Here's a related story, but with an unfortunate ending. A girlfriend of mine joined an online group of adoptive moms. The forum leader, an experienced adoptive mother herself, generously offered an information exchange forum where all the moms could converge and discuss.

A few months in, members noticed some weirdness on the forum, so they went snooping. What they learned was that the forum leader had multiple forum personalities! She would log in as one person, ask a question, log back in as herself, then answer it.

All hell broke loose. A mass of email back-and-forths ensued. The forum leader cracked under the accusations and started spamming every member, begging for forgiveness. It was utter pandemonium. My friend relayed the scandal to me.

"That's so dishonest!" she said of the marauding forum leader.

Dishonest? Well, maybe a little sneaky, yes. But in rating Shameful and Admonishable Networking Behaviors on a scale of 1 to 10, how much of a sin is it to incite constructive discussions for the betterment of a group?
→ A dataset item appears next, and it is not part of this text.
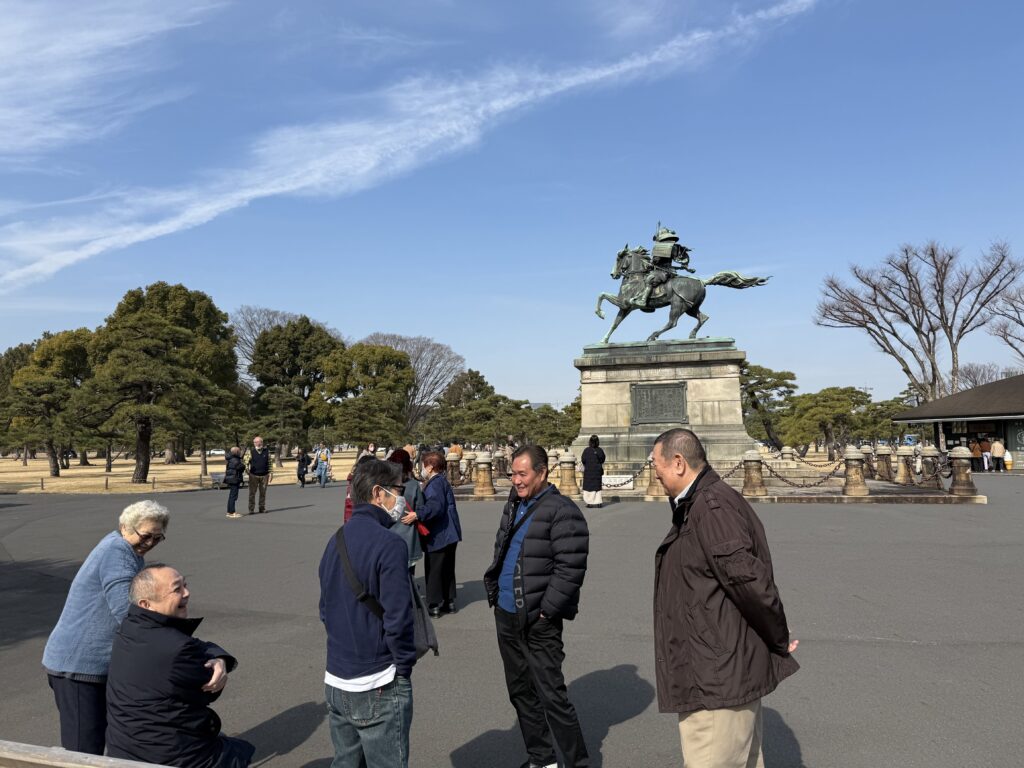 バスガイドにマイクを渡し、バスは第一目的地「皇居前広場」に向かいました。皇居に着くと、観光客が少なく皇居に沿ってランニングをする方と数える程で、外国からの方と我々くらいで、売店でもゆっくり品定めが出来るくらいでした。

When you consider that, 1. the woman wasn't being paid, and 2. she only wanted to help other moms along in the confusing process, it really wasn't such a terrible thing that she did.

I pointed out to my friend that this lady had smartly tapped into a marketing and communication tactic that's widely used and really works.
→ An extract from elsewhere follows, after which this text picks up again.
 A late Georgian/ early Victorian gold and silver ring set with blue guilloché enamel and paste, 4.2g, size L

Who do you think sought advice from Erma Bombeck, Dear Abby and Emily Post before they ran well-known columns? No one did... because no one new who they were yet! So with each new release of their respective publications, internal writers had to pretend to be advice seekers, fabricate dilemmas, and then solve them.

Now, if your public forum is clearly a conversational hot spot, yet you're still logging in as five different people because "you're becoming attached"... well, I'd say that's a problem. Consider getting out more.

But if things are totally stagnant on your forum, this is really your only alternative to get it going.

I know a woman on one Ryze forum who asks nearly every day, "Why aren't you guys posting?"

No one ever answers her. That's because she's not giving anyone an incentive. That incentive must be emotional, and it must come in the form of riveting conversation. If there isn't any existing conversation, well, you're just going to have to invent some.

I wish I knew that adoptive mom with all of her imaginary forum friends. Because if I did, I would tell her, "Hey! You did a good thing."

Who knows, I might even have hired her to run my web forum.

Copyright 2005 Dina Giolitto. All rights reserved.

Find out how crisp, targeted copywriting can make a world of difference for your business. Dina Giolitto is a Copywriting Consultant with ten years of experience. Visit http://Wordfeeder.com for free tips on branding, copywriting, marketing and more.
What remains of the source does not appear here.